Charlie Hebdo est un journal satirique. Des commentateurs de l’attentat tendent à traiter ce journal comme s’il s’agissait du Monde ou de Libération. Mais ce n’est pas du tout le cas ! Faire une blague douteuse dans un sketch ou sur les ondes radiophoniques d’une grande radio, à 7h30 entre les infos et la chronique éco, n’est pas du tout la même chose. Dans le premier cas on est venu pour rire et se moquer, et il n’y a pas de confusion possible entre second degré et premier degré. Il appartient au juge de trancher entre droit au respect de la vie privée et droit à la satire, entre liberté d’expression et interdiction de l’injure. Et dans ce choix, les circonstances sont déterminantes. On ne traite pas de la même façon un journal satirique, dont l’objet est de faire rire, caricaturer, et qui dispose à ce titre d’une certaine « présomption humoristique », et un journal traditionnel dont la vocation est d’informer. De même, on ne traite pas de la même façon une injure à une personne privée et à une personne médiatiquement exposée, surtout un responsable politique, dont la critique est usuelle (la caricature étant la contrepartie de la notoriété). Lisez les décisions des tribunaux : arrêt de la Cour de cassation du 20 mars 2014, condamnant Laurent Gerra ; arrêt du 4 novembre 1997 condamnant Patrick Sébastien, etc. C’est très clair.

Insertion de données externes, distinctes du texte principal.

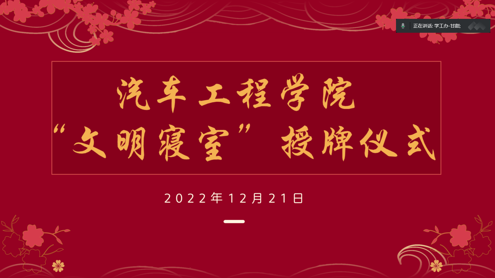 为进一步加强寝室精神文明建设,引导同学们争创学习氛围浓厚、整洁文明、舒适优美、文明和谐的居住环境,营造健康、积极、向上的员工宿舍文化氛围,太阳成集团tyc33455cc于2022年11月25日启动“文明寝室”创建活动,各年级同学积极参与。2022年12月21日晚,学院为在此次活动中表现优异的寝室举行了授牌仪式。太阳成集团tyc33455cc辅导员甘甜和各文明寝室成员代表参加了此次会议,会议以线上形式进行。

Charlie Hebdo, en bon journal satirique de gauche, s’est moqué de l’islam et de l’islamisme, de Mahomet comme du pape ou de Jésus et des rabbins, mais on voit mal quel dessin pourrait être considéré comme une incitation à commettre des délits et des crimes. L’intention est de se moquer, de faire rire, pas de nuire ! Être irrévérencieux et être violent, ce n’est pas la même chose. A tout le moins, si l’on peut voir une violence morale, symbolique, dans certains dessins particulièrement douteux, on ne peut pas la comparer avec la violence physique qui conduit à l’hôpital ou à la morgue.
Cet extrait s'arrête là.